WHAT IS BEING ASKED:
Here the job is to repeat the listing exactly, but not the pictures in it.

SOURCE MATERIAL:
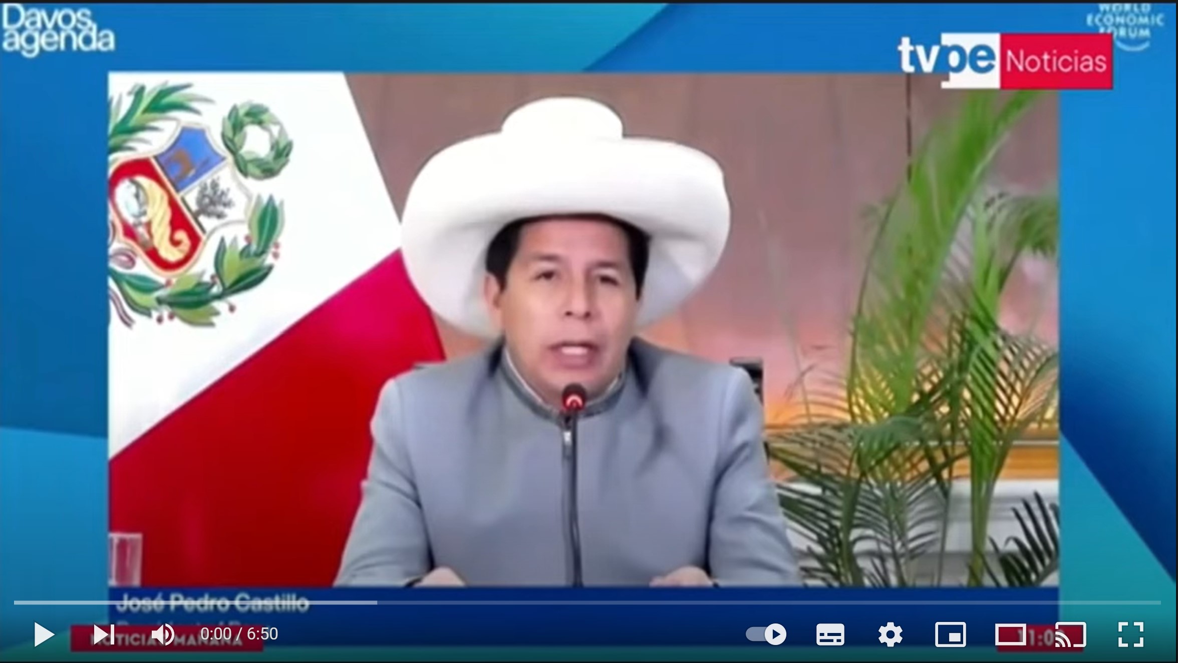 En sesión plenaria virtual de Jefes de Estado de América Latina, organizado por el Foro Económico Mundial (WEF), el Presidente del Perú, Pedro Castillo Terrones, dio a conocer su visión sobre las prioridades del país tras la pandemia; expuso las politicas públicas en marcha y los principales resultados alcanzados en materia económica durante los primeros meses de su gobierno, y finalmente presentó temas que requieren atención por parte de una América Latina unida.
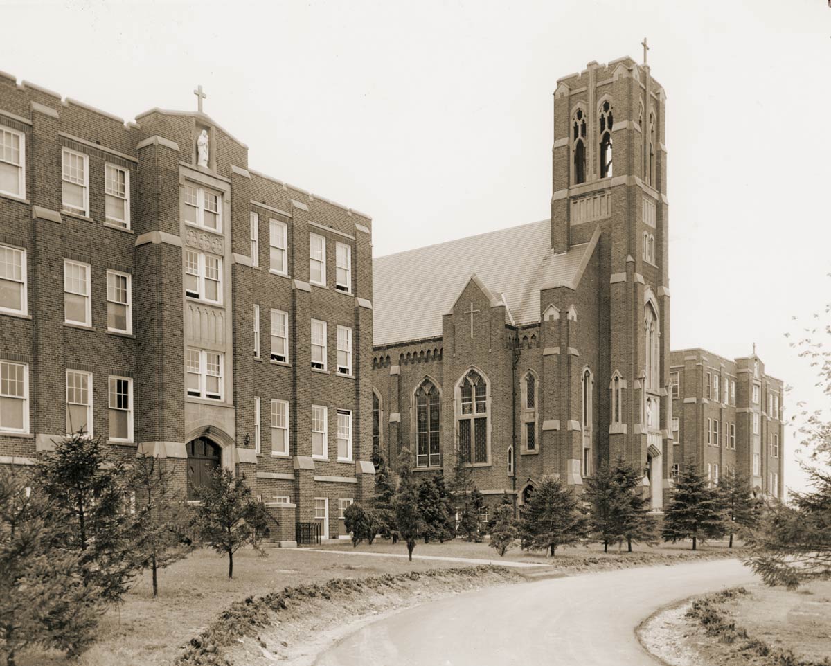 An early photograph of the completed and landscaped Our Lady of the Sacred Heart Motherhouse in the 1930s.
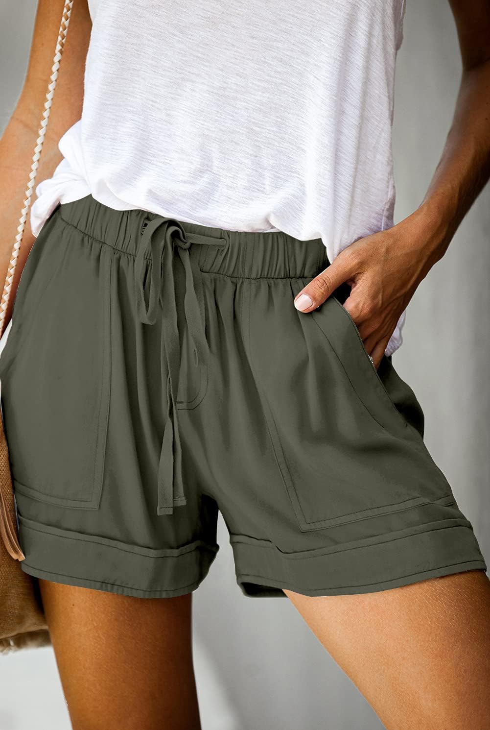 Women Shorts Summer Casual Shorts Drawstring Elastic Waist Beach Pants

THE ANSWER:
 En sesión plenaria virtual de Jefes de Estado de América Latina, organizado por el Foro Económico Mundial (WEF), el Presidente del Perú, Pedro Castillo Terrones, dio a conocer su visión sobre las prioridades del país tras la pandemia; expuso las politicas públicas en marcha y los principales resultados alcanzados en materia económica durante los primeros meses de su gobierno, y finalmente presentó temas que requieren atención por parte de una América Latina unida.
 An early photograph of the completed and landscaped Our Lady of the Sacred Heart Motherhouse in the 1930s.
 Women Shorts Summer Casual Shorts Drawstring Elastic Waist Beach Pants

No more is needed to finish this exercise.